Sessão Solene homenageia a mais antiga instituição financeira do país

Publicado por Roberto Freire | Categoria(s): Brasil, Cidadania, política | Em: 17-06-2010

Na segunda-feira passada, 14/6, tive a imensa satisfação de participar de Sessão Solene na Assembléia Legislativa, convocada pelo deputado estadual Davi Zaia, presidente do PPS no Estado de São Paulo, em homenagem à Mongeral Aegon, empresa de seguros e previdência, que completou 175 anos de existência em 2010.

A Mongeral, fundada em 1835,  é a quarta empresa do país e a primeira instituição financeira em continuidade, mais antiga ainda que o Banco do Brasil, que apesar de ter sido fundado em 1808, foi extinto em 23 de setembro de  1819, devido a dificuldades financeiras, para ser  recriado em 1853, com a aprovação da Lei 638.

As outras empresas, coincidentemente, são jornais tradicionais, como o “Diário de Pernambuco” (1825), de meu Estado natal, o “Jornal do Comércio”(1927) e o “Monitor Campista”, de Campos dos Goitacazes, Rio de Janeiro (de 1834, mas que, infelizmente, fechou as suas portas em novembro do ano passado).

Com o encerramento das atividades do Monitor Campista, a terceira empresa mais antiga do Brasil, passou a ser a Moinhos Unidos do Brasil, do setor alimentício, com sede no Paraná

A Mongeral também é umas das mais antigas instituições empresarias do mundo.

A solenidade marcou a minha estréia na tribuna da Assembléia Legislativa.
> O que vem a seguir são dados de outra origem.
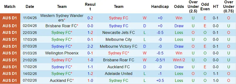– Thống kê kết quả 10 trận gần nhất của Sydney FC
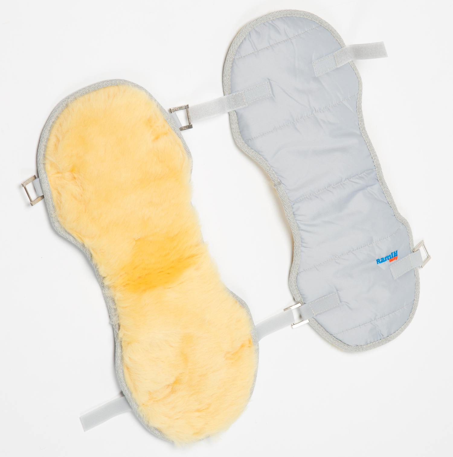 Раздельная муфта для рук состоит из двух частей, для левой и правой руки. Именно поэтому ее можно использовать во время прогулок и с коляской-люлькой,  и с прогулочной коляской. Муфта изготовлена из натуральной медицинской овчинки. В процессе производства такой овчинки не используется хром и прочие тяжелые металлы, благодаря чему овчинка не вызывает аллергии. Овчина – натуральный природный утеплитель, обладающий уникальными свойствами, которые позволяют использовать ее при уходе за новорожденными. Овчинка отлично защищает от холода, хорошо впитывает лишнюю влагу, обеспечивает микро-циркуляцию воздуха.

Nos 32 anos em que exerci mandatos parlamentares como deputado federal e senador, essa foi a primeira vez que discursei no plenário do Legislativo paulista.

Falar daquela tribuna de um legislativo que nos anos da redemocratização serviu de palco das reuniões da oposição ao regime militar, foi bastante especial.

Em um país onde as empresas têm pouca tradição de continuidade, a Mongeral é um exemplo de que é possível manter-se em atividade e continuar se renovando, o que é muito importante diante da necessidade que temos de fortalecer as nossas instituições.

Nesse caso, tradição, que normalmente está associada a algo reacionário, torna-se na realidade bastante positivo.

Durante a sessão solene, foi lançado o livro “Mongeral Aegon – 175 anos de história”, que conta a história da empresa relacionando-a com diversos fatos históricos ocorridos em quase dois séculos de existência, da Monarquia à República, passando por diversas crises políticas e econômicas.

Mas o que causa “perplexidade”, como bem lembrou o presidente do Conselho da Mongeral, Nilton Molina – e também ressaltou o autor da homenagem, o deputado Davi Zaia – é o ineditismo e a visão dos fundadores de uma empresa, cujo objeto é a previdência, em uma época em que o tema sequer era debatido.

Nesse sentido, a Mongeral é a própria história da previdência no Brasil e tema de intensa relevância e atualidade para os brasileiros.